Concern over drug-resistant infections

Looking beyond SARS-CoV-2, a standout paper published in The Lancet provided one of the most comprehensive pictures of the global burden of antimicrobial resistance (AMR).

Researchers analyzed 471 million patient records from 204 countries and found there were an estimated 4.95 million deaths associated with AMR in 2019. This makes AMR one of the leading infectious disease killers, alongside malaria, HIV, and tuberculosis, Longvin said. “It is up there.”

The death toll was highest in western sub-Saharan Africa at 27.3 deaths per 100,000, and lowest in Australasia at 6.5 deaths per 100,000.

Six pathogens accounted for most of the deaths associated with drug resistance: E.coli, Staphylococcus aureus, Klebsiella pneumoniae, Streptococcus pneumoniae, Acinetobacter baumannii, and Pseudomonas aeruginosa.

Longtin also noted increasing publications on Candida auris, an emerging fungus that is resistant to all three major classes of antifungals.

“You feel that people are getting worried,” said Longtin. “It’s spreading more and more,” including beyond intensive care units and hospitals.

C. auris can be difficult to identify with standard lab methods and can be misidentified in labs without specific technology.

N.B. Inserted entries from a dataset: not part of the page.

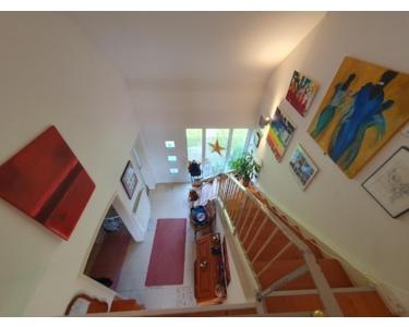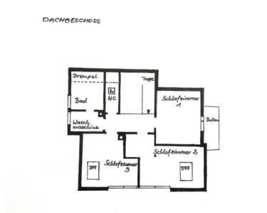 Wir haben das Haus 2007 gekauft und als erstes das Dach gedämmt und neu eingedeckt. Nach und nach haben wir die alten Holzfenster in Kunststofffenster mit Zwei- und Dreifachverglasung getauscht. Es sind nur noch einzelne Holzfenster übrig. Auch das Eingangstürelement wurde erneuert. Im DG haben wir die Raumaufteilung geändert. Es gibt jetzt auf der Ostseite ein Schlafzimmer mit kleinem Balkon und auf der Südseite zwei gemütliche und helle Zimmer, die etwa gleich groß sind. Die Bäder sind im Jahr 2000 neu gemacht worden, nicht allzu groß, aber funktional gestaltet.
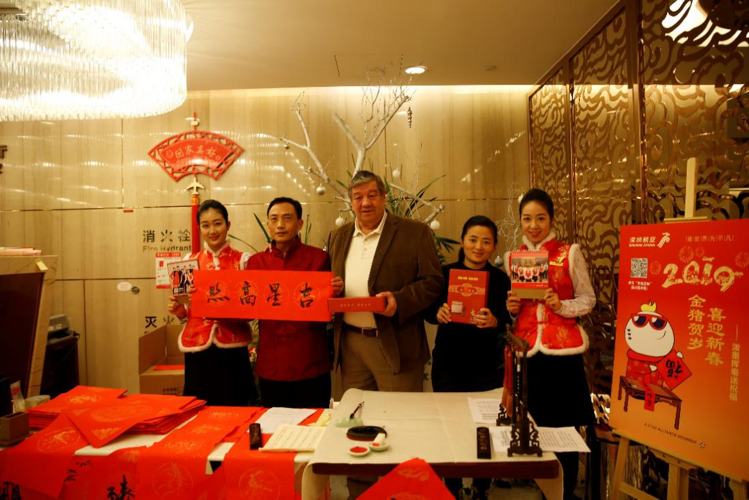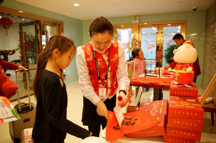 深セン航空グランドサービス部門は、1月28日に豚年(日本では亥年)を祝う行事を始めました。スタッフはターミナルビルにある乗客サービスエリアを「やっぱり我が家がいちばん」のテーマでていねいに飾り付けました。また空港では、お客さまのために、中国の書道が得意なスタッフに新年を祝う伝統の対句を書いてもらい、グランドサービスのスタッフが新年のための贈り物をお客さまに差し上げました。深セン航空のキングラウンジではお客さまに春節シリーズデザートと飲み物をサービスし喜んでいただきました。お客さまはこれらの行事を楽しまれ、特別な旅行体験を味わっていただくことができました。
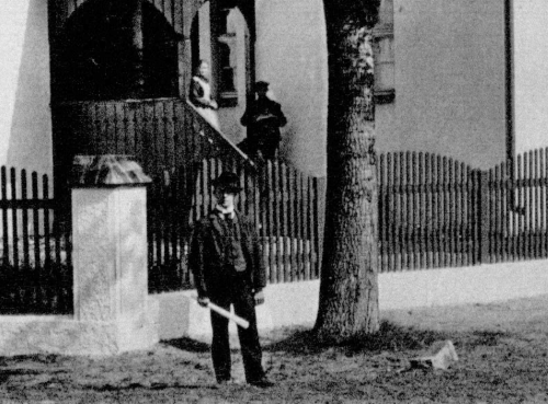 Historyczne zdjęcie, przed historyczną stodołą. To tutaj, w bezpiecznym ukryciu rodzina Wygachiewiczów ukryła na czas okupacji figurę NMP z centrum Golęczewa, niechybnie ratując ją przed zniszczeniem przez niemieckiego okupanta. Zdjęcie zostało wykonane kilka lat przed tymi zdarzeniami – ok. 1935 roku. Nieistniejąca już stodoła stała z tyłu posesji na Tysiąclecia…

In a study of an outbreak in southern Californian long-term care and nursing facilities, researchers found they could identify infections more quickly by assessing the prevalence of C. auris in urine cultures they received from affected facilities, rather than swabbing people. Faster detection of infections meant they were able to contain outbreaks more quickly, too.

Dealing with dirty sinks

Many bugs associated with drug resistance like Klebsiella pneumoniae tend to proliferate in moist environments and are often pervasive in hospital sinks and drains.

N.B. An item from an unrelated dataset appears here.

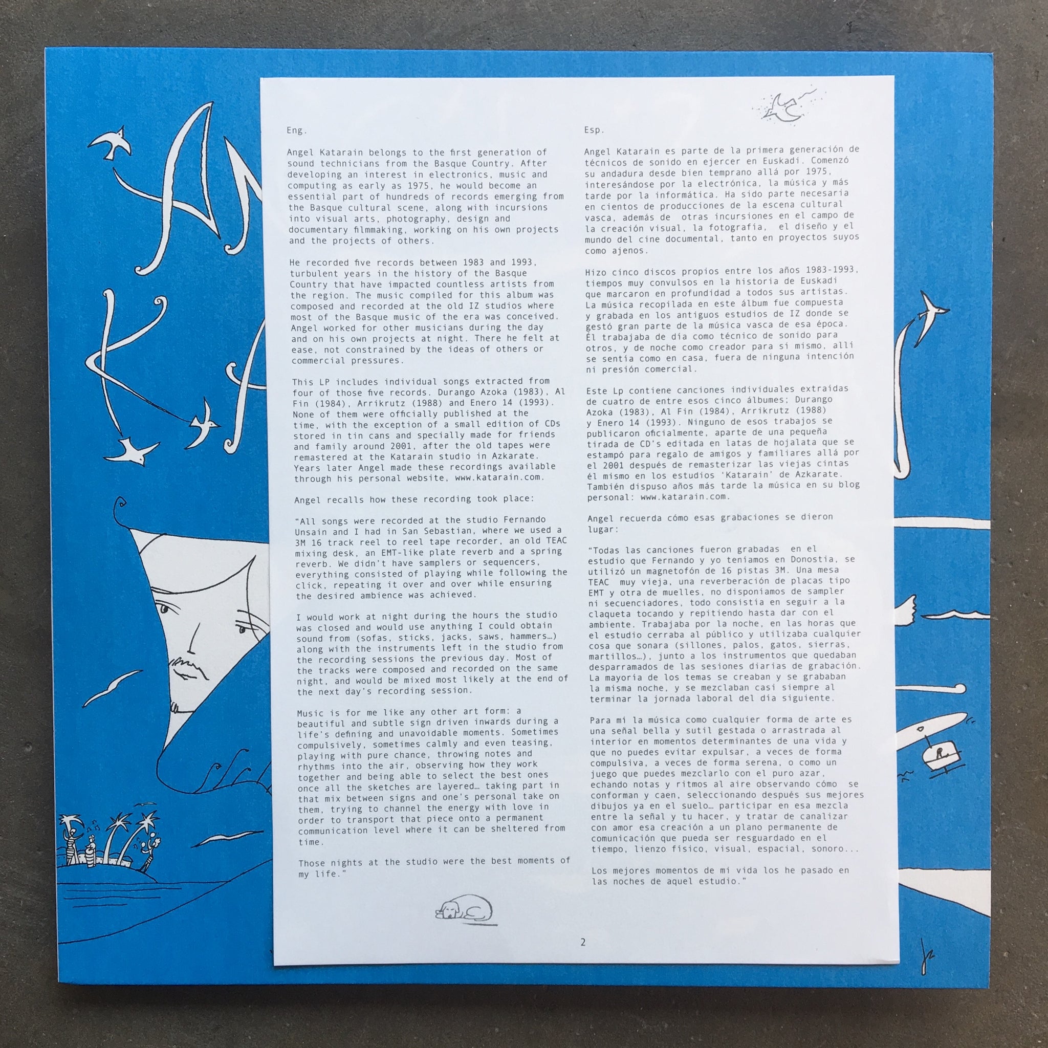 Having never officially released his own music, this compilation puts together a selection of works from four different albums that Angel previously made available digitally and in a very limited run of CDs distributed in tin cans for friends and family. Spanning his years as a studio engineer, Angel recorded these albums between 1983-1993 after working hours at Studios IZ in San Sebastian. As he states, his music was made with no commercial purposes, just for himself. It was only around 2001, after friends kept asking for it, that he decided to make his music available to the public. Remastered from the original tapes by Angel himself, it is now available for the first time on vinyl in a limited edition of 300 copies.
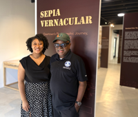 Pictured at the exhibition’s opening doors, SEOPW CRA Director of Operations Natalya Sangster and Executive Director James McQueen welcome visitors to Sepia Vernacular.

A French prospective study involving 73 intensive care units found “frequent and multifactorial infectious risks” linked with dirty sinks. Across the participating sites, half the sinks were contaminated with multidrug-resistant bacteria, while more than a third were producing “visible splashes.” Nearly a third were close to beds with no barrier around the sink – “which is a big no-no in infection control,” Longtin said.

Intensive care units that disinfected the sinks with bleach every day were much less likely to be contaminated. However, regular treatment with quaternary ammonium wasn’t as effective.

The study also showed that the risk of bloodstream infections was lower in hospitals with better sink hygiene than in facilities where there were multiple problems with the sinks – for example, where more sinks were contaminated, causing splashes and close to beds.

According to Longtin, the study makes a strong case to pay more attention to the cleanliness of sinks. “Your patients will have less bacteremia if you take care of your sinks.”

Photo credit: iStock/YJPTO

Editor’s note: This article has been updated to clarify why N95 masks were not thought to be source control devices and to add a quote from Andrew Conway Morris.